Mrs. Clinton, wearing the muted plaid suit she wore on Inauguration Day, sat on a red-and-gold brocade sofa in the Red Room, which is furnished with American Empire pieces dating to 1810. Surveying the items in the room, she added that she felt even more strongly about banning smoking "because of the atmosphere here, and the age of the house, the furnishings."

If visitors to the White House want to smoke, she said, they will have to go outdoors.

The smoking ban is one change the Clintons hope to institute in an effort "to put our own identity, our own stamp on what happens at the White House now," Mrs. Clinton said.

Among other things, Mrs. Clinton hopes to find other ways to use the museumlike public rooms on the first floor of the White House, traditionally used for formal entertaining.

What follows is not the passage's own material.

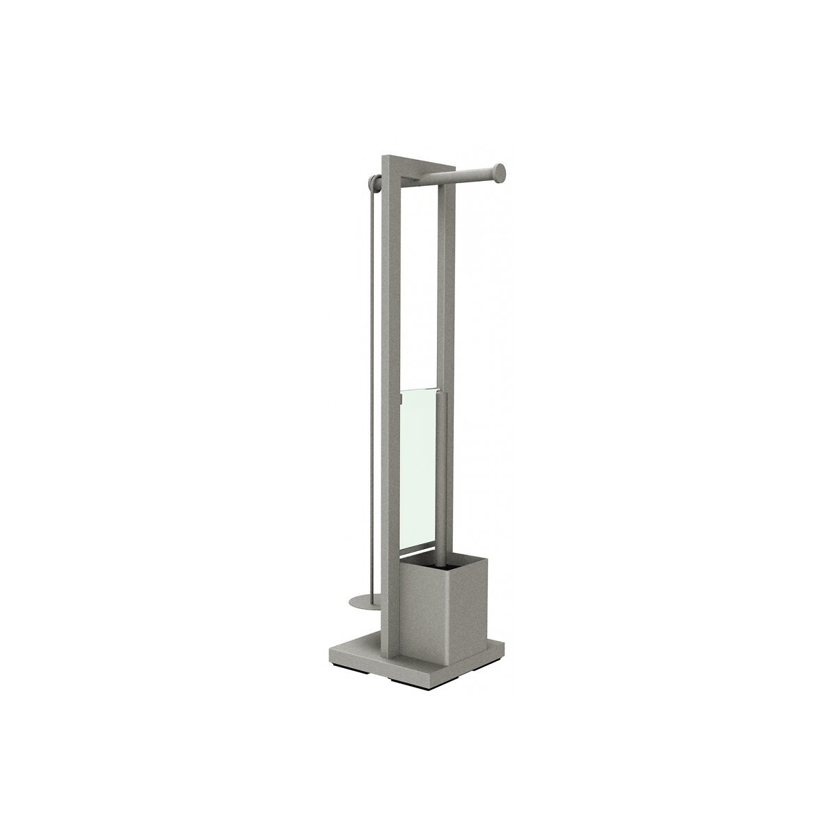 Valet WC multifonction en aluminium laqué gris mat à poser Fonction: Dérouleur, Réserve papier, Brosse Son design simple et épuré permet aisément de l'associé à un style industriel. Il remplira ses tâches avec simplicité, il stockera et distribuera vos rouleaux tout en vous permettant le nettoyage de votre cuvette grâce à sa brosse.

"We're trying to make the whole house usable," Mrs. Clinton said. "We want to combine the best of the traditional values of formal entertaining with more informal, family-oriented, creative ways of using it. And then we want to use the grounds."

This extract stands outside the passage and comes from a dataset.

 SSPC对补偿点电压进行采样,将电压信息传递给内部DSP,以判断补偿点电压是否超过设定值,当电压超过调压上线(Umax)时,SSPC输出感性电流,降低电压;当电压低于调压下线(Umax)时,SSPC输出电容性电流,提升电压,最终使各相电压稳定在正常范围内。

On inaugural night, the Clintons' 12-year-old daughter, Chelsea, and 30 of her friends roamed through the stately public rooms on a historical scavenger hunt, looking for the answers to clues like "the room where it is sometimes said a ghost has been seen" (the Lincoln bedroom) and "the painting with the yellow bird" ("Still Life With Fruit, Goblet and Canary" by Severin Roesen, in the Red Room).

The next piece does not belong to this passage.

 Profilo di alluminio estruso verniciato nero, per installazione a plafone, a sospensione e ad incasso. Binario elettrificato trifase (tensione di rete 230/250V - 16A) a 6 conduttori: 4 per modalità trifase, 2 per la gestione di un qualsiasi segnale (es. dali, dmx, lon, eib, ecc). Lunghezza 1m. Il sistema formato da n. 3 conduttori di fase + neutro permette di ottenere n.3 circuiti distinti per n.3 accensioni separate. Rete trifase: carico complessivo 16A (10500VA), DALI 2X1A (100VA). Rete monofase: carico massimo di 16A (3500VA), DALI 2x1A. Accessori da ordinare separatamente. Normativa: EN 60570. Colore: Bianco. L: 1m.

In addition to the usual array of formal dinners and receptions, the Clintons hope to entertain families more informally.

"Several people have told me that one of the most meaningful events they could attend would be something at the White House with their children," Mrs. Clinton said. "Those are not the usual kind of events. From the very first day my husband became president, he has tried to think of ways to open the White House."

Actually, from long before that. In an interview last April, Mrs. Clinton said that if her husband were elected, they would like to invite ordinary Americans to the White House.

"Maybe we could have a random lottery in every state, so you wouldn't be just inviting the well-known and business people," she said at the time. "You'd do it far enough in advance so all the security issues could be taken care of. Then you'd invite them and their families to the White House, and you'd have a program like a mini-town meeting, and they would spend two hours telling the president what was happening.

"And then we'd have a big meal, everybody would visit, and we'd give them a tour and show them what the White House looked like. There's got to be ways to get people reconnected to their president and their government again."

Like most presidents before him, Mr. Clinton will look for ways to escape the confines of the White House. When it was suggested that the president wouldn't be going out for meals as often as he did in Little Rock, Ark., Mrs. Clinton said, "Well, don't hold your breath. I wouldn't take a total bet on that. If there's a way we can figure that out, we'll be going out."

Would that include sneaking out, leaving the news media in the dark about where the Clintons were going? "Yep," she said.

For the moment, Mrs. Clinton is more interested in getting some sleep. Like millions of Americans who juggle many responsibilities, the Clintons don't get enough.